GPs: Increased due diligence a drag on deals

More than half of fund managers say enhanced due diligence is making the investment process considerably longer, according to a recent study.

GPs are taking longer to complete deals as they vet target companies more thoroughly than ever before, a survey from valuation specialists Duff & Phelps found.

More than half (55 percent) of the 75 private equity executive respondents indicated that the median time to complete a transaction from start to finish takes about seven to nine months these days. Recent figures from “Big Four” audit firm EY found that all mergers and acquisitions (including buyouts) took on average 52 days in 2012 compared to 48 days in 2011 and 47 days in 2010.

“The depth and method of due diligence has changed over the last few years,” said a principal from a US-based firm in the Duff & Phelps survey. “Since the recession, every investor wants to ensure they have made the right investment decision by collecting and studying all the important information about the target prior to completing a transaction.”

More than half of US and Canada-based respondents said due diligence is the foremost reason for longer transaction times. A third of Europe and Asia-Pacific-based respondents also said a longer due diligence process as the greatest reason for protracted deal processes.

Aside from taking longer to assess a target’s value through the due diligence process, longer timelines are also a way to make sure that all regulatory hurdles are addressed, the survey said.

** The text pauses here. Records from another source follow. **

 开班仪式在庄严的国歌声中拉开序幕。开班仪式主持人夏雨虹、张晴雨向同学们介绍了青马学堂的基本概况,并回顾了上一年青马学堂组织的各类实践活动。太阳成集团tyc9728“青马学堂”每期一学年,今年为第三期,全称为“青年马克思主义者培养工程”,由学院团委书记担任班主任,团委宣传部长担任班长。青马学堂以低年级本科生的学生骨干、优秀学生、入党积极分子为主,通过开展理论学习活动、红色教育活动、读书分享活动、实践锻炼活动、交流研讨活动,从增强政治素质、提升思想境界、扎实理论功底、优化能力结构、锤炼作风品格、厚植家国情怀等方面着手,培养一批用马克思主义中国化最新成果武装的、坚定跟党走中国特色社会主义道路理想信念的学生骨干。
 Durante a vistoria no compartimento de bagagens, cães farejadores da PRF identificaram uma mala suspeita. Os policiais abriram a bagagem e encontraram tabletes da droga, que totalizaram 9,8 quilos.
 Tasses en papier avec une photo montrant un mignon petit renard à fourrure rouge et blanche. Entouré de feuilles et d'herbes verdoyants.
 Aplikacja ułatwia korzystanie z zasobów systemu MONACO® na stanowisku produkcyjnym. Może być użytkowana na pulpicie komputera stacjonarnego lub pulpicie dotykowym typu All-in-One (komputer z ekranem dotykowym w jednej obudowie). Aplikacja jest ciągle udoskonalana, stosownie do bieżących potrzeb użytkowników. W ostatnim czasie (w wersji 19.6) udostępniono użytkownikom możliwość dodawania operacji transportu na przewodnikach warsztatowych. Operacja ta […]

More than a quarter of respondents (28 percent) think that regulatory and compliance risks are the top two challenges faced by private equity firms. “The regulatory requirements have risen significantly, increasing the complexity of the due diligence process and delaying transactions,” said a Europe-based private equity director in the survey.

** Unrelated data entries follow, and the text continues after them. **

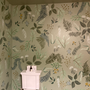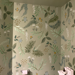 Ritual Salon in Fremont asked me to paint this mural for their washroom, to create a spa feel for their clients. They asked me to design something that looked elevated, calming, and included flora and fauna from the Pacific Northwest. I painted berries, ferns and other sage colored plants and they loved the outcome.
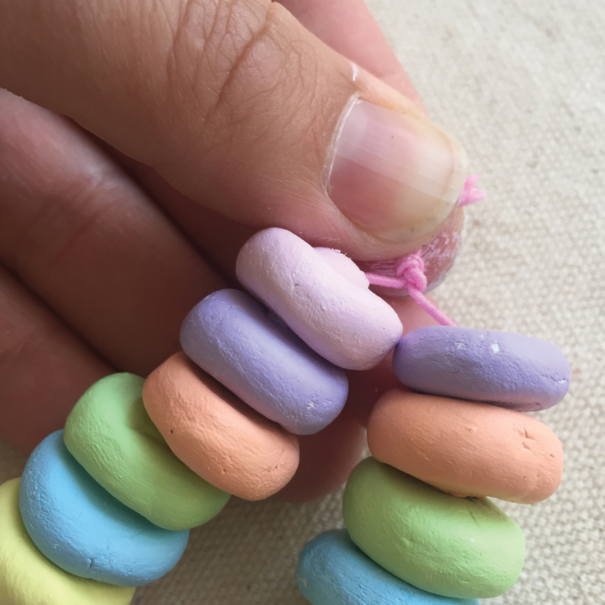 • Step 5 Once the beads are dry, use a small amount of paint to decorate your beads in the colours of a candy bracelet. We’ve used a ratio of approximately 3 parts white paint to 1 part colour to create nice pastel colours. You can make yours as bright as you like. Allow to dry.
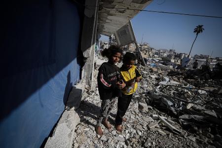 ガザ北部ガザ市で、がれきの中に立つパレスチナ人の子ども=4月16日(ゲッティ=共同)
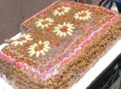 切糕包括核桃、花生、葵花籽、葡萄干、杏干,其實(shí)就成本上來說也不算便宜,但也不算多貴。主要靠糖粘合;趁熱將它倒進(jìn)一個很結(jié)實(shí)的木槽之中(木槽由幾塊單獨(dú)的厚木板圍成,用粗麻繩和兩頭彎的大鐵釘固定在一起),再用一塊厚木板蓋在切糕上面,木板上面再壓上一些重物,比如石塊或鐵塊,總之要夠重夠分量,大概要4、5個小編的重量才行。就這樣切糕慢慢得被壓到很緊實(shí),里面很多水分也隨著木槽底部的縫隙慢慢流出。兩天之后,移開重物或者小胖們,再撬起鐵釘,解開麻繩,取下木板,一塊結(jié)結(jié)實(shí)實(shí),香氣四溢的切糕就呈現(xiàn)在我們眼前了。
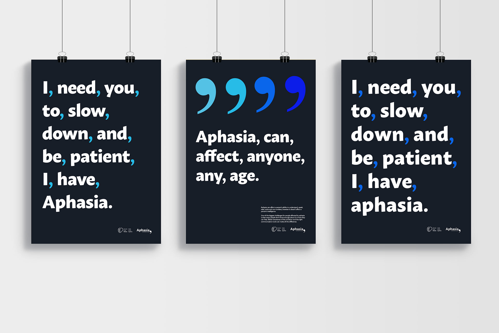 The aim is to encourage people to take the time to slow down and really listen to someone who suffers from Aphasia. The use of the comma is to symbols taking a pause and a deep breath. When people see a comma, they pause and take time which is what the campaign is asking people to do in order to communicate effectively with someone who suffers from Aphasia.
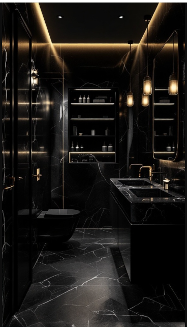 To balance the boldness of black, natural accents such as greenery or wooden details can be introduced. These touches soften the space, creating a calm, inviting atmosphere that feels both modern and restorative.
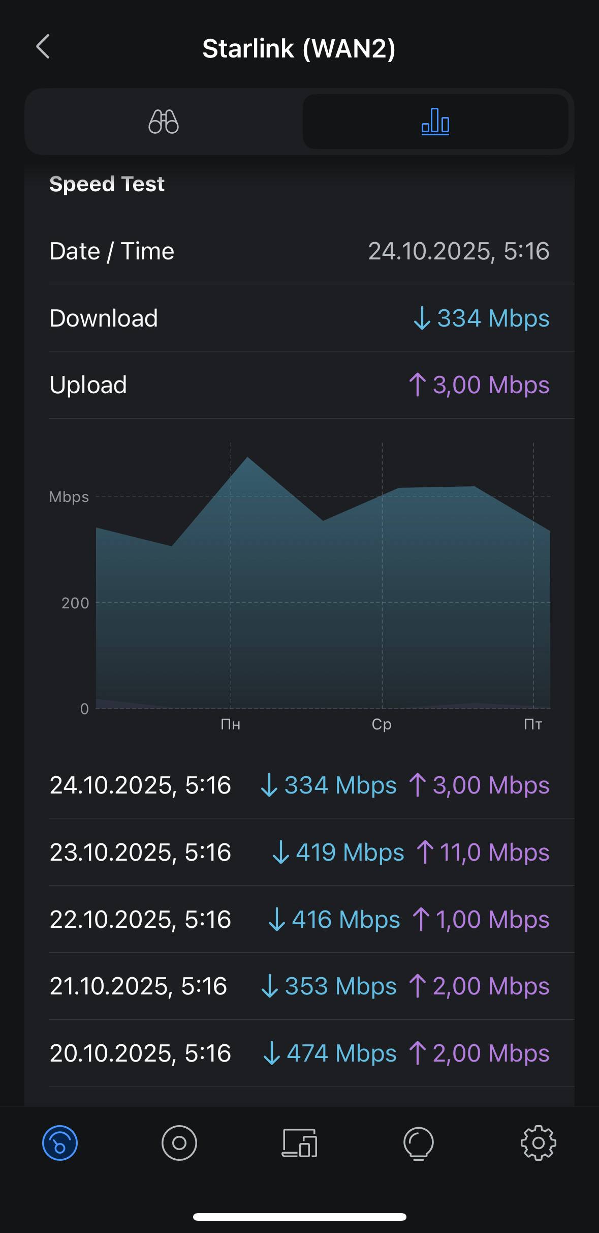 В среднем 300 вниз, 30 вверх. +- стабильно. стриминг игры на плойке часто сыпятся по кадру.
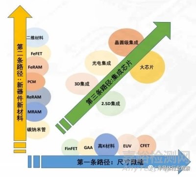 從技術(shù)上看,目前主要有三條提升芯片性能的發(fā)展路徑,如圖 2.2 所示,三條技術(shù)路徑從不同維度共同推動(dòng)集成電路的發(fā)展。

Another challenging aspect of today’s dealmaking climate is facing other GPs at the boardroom table, a situation that crops up fairly regularly, researchers in the survey said. Respondents are almost equally split between obtaining a fairness opinion and letting an investment committee decide on the value of the deal. Obtaining a fairness opinion, which evaluates facts compiled about a deal to determine whether the offered price for an acquisition is fair, is a way to mitigate future litigation costs.

“Without a fairness opinion, it gets rather tough to handle transactions that involve funds on opposite sides of the deal and to balance the different opinions of partners and founders,” said a partner at a Europe-based private equity firm.